• _Record set_:
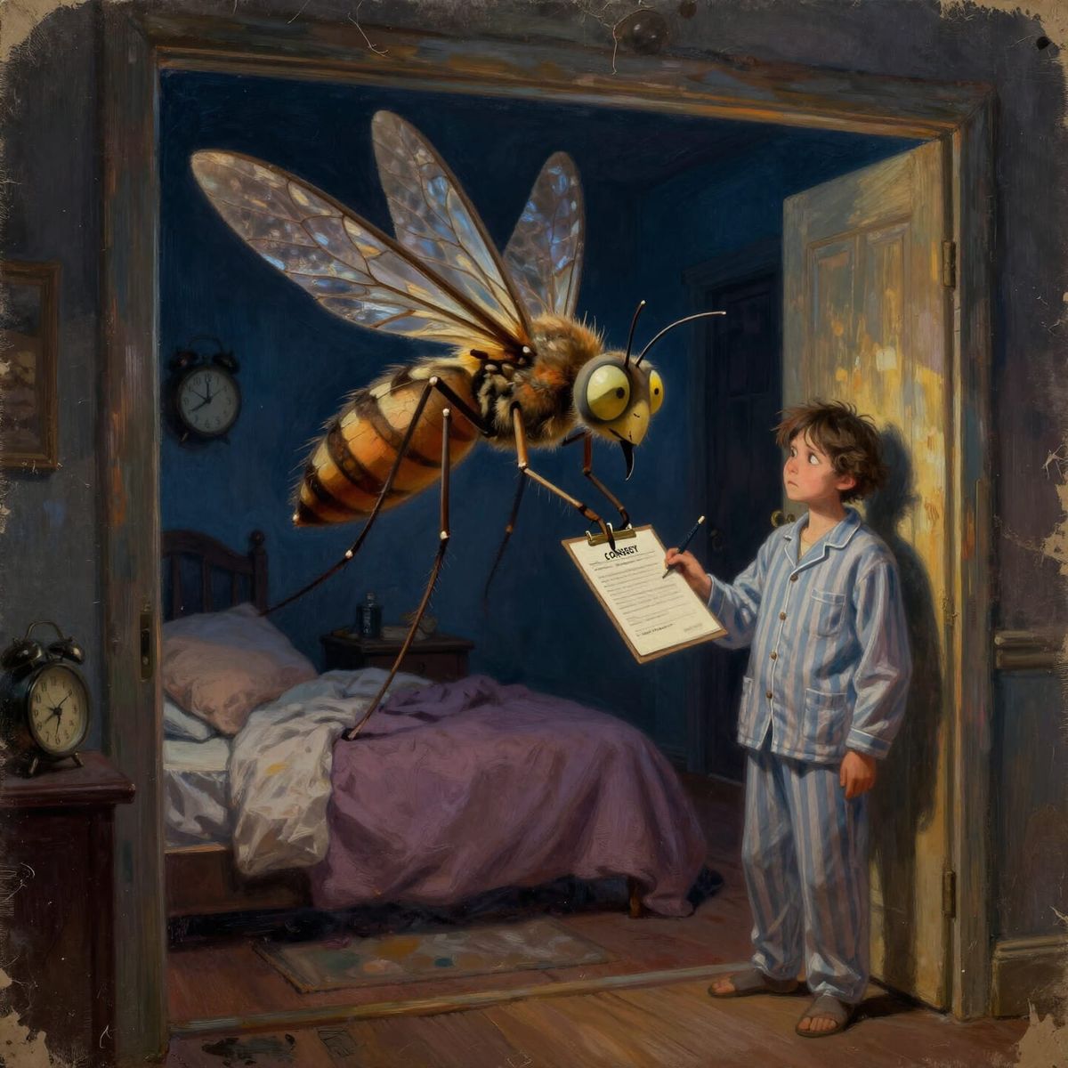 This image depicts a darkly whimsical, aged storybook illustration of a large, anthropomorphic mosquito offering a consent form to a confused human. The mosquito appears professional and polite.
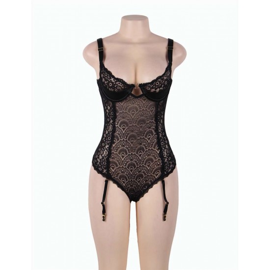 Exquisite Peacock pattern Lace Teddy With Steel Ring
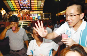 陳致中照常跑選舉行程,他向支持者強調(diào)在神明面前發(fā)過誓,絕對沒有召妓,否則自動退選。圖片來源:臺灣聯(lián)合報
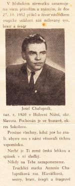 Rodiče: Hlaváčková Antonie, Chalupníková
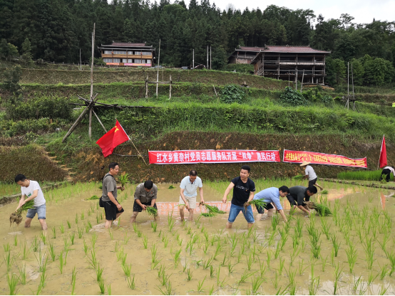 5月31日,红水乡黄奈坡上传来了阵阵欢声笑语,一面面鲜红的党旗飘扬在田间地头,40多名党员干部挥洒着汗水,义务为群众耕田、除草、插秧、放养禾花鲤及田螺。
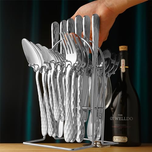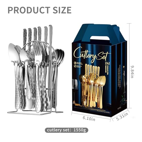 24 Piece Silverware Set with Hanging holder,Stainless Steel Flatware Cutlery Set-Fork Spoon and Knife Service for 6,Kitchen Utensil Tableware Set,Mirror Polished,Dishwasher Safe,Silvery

* * *

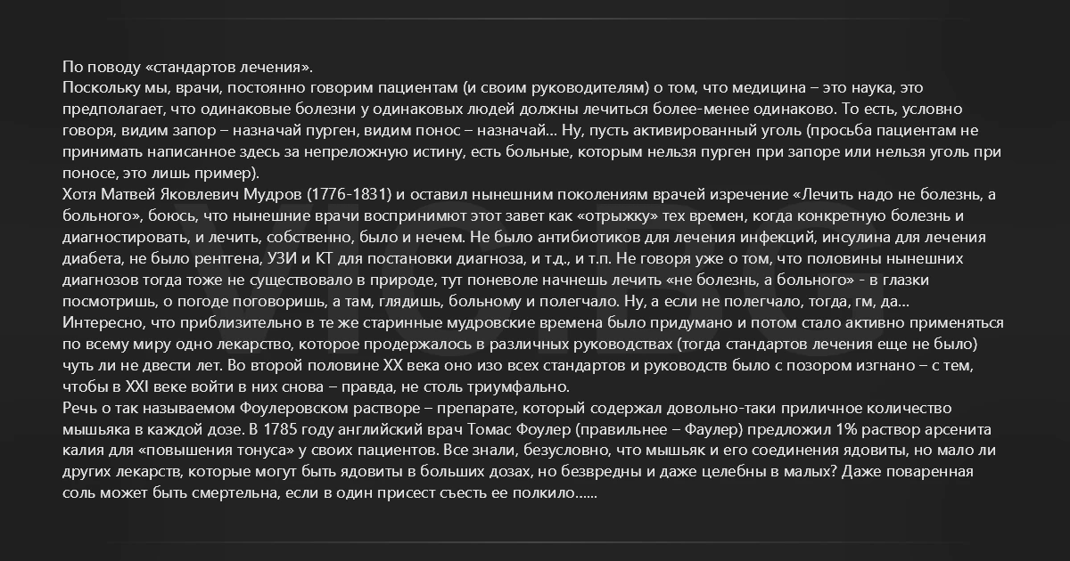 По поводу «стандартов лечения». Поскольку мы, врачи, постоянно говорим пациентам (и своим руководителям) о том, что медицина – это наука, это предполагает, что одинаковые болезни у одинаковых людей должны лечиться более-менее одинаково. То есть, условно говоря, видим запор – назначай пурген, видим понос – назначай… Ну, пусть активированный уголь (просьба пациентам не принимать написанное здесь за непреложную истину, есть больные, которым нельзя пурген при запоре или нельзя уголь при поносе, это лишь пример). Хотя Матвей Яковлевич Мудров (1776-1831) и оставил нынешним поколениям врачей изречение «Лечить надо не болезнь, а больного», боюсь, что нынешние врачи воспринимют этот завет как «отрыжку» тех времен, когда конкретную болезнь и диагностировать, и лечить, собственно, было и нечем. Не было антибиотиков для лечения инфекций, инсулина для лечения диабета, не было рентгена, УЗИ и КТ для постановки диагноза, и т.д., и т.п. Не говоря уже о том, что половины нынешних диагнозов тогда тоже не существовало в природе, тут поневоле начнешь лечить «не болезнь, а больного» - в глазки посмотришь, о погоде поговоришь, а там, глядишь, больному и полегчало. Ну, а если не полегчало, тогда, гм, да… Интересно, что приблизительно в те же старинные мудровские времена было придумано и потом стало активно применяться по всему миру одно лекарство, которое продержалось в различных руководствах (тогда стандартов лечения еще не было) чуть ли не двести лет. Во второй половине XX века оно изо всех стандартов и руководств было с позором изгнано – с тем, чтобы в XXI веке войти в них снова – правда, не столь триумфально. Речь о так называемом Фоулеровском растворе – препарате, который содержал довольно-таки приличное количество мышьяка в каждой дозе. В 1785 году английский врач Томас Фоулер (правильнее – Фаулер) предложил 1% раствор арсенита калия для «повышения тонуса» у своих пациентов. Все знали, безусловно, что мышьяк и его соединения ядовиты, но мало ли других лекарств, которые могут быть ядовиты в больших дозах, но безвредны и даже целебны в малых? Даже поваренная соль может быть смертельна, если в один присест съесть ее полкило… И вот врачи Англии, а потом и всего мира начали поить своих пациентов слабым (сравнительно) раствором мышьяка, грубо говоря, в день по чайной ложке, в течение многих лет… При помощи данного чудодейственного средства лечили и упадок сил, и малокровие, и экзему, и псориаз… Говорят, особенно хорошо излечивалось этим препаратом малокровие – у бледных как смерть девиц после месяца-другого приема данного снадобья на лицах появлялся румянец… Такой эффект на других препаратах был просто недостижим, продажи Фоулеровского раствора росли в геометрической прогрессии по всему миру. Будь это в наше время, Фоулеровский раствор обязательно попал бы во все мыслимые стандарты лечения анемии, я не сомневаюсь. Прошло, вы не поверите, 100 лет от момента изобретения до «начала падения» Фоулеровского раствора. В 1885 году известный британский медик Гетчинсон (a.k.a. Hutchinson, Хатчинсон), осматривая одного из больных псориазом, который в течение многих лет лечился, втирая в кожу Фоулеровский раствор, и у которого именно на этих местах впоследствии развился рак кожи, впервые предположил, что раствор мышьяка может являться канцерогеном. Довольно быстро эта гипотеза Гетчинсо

• _Exercise prompt_:
Would you give again, exactly, the lines in the data above that run from the line containing "This image depicts" to the line containing "Exquisite Peacock pattern"? Include both ends and no pictures.

• _Response to this exercise_:
 This image depicts a darkly whimsical, aged storybook illustration of a large, anthropomorphic mosquito offering a consent form to a confused human. The mosquito appears professional and polite.
 Exquisite Peacock pattern Lace Teddy With Steel Ring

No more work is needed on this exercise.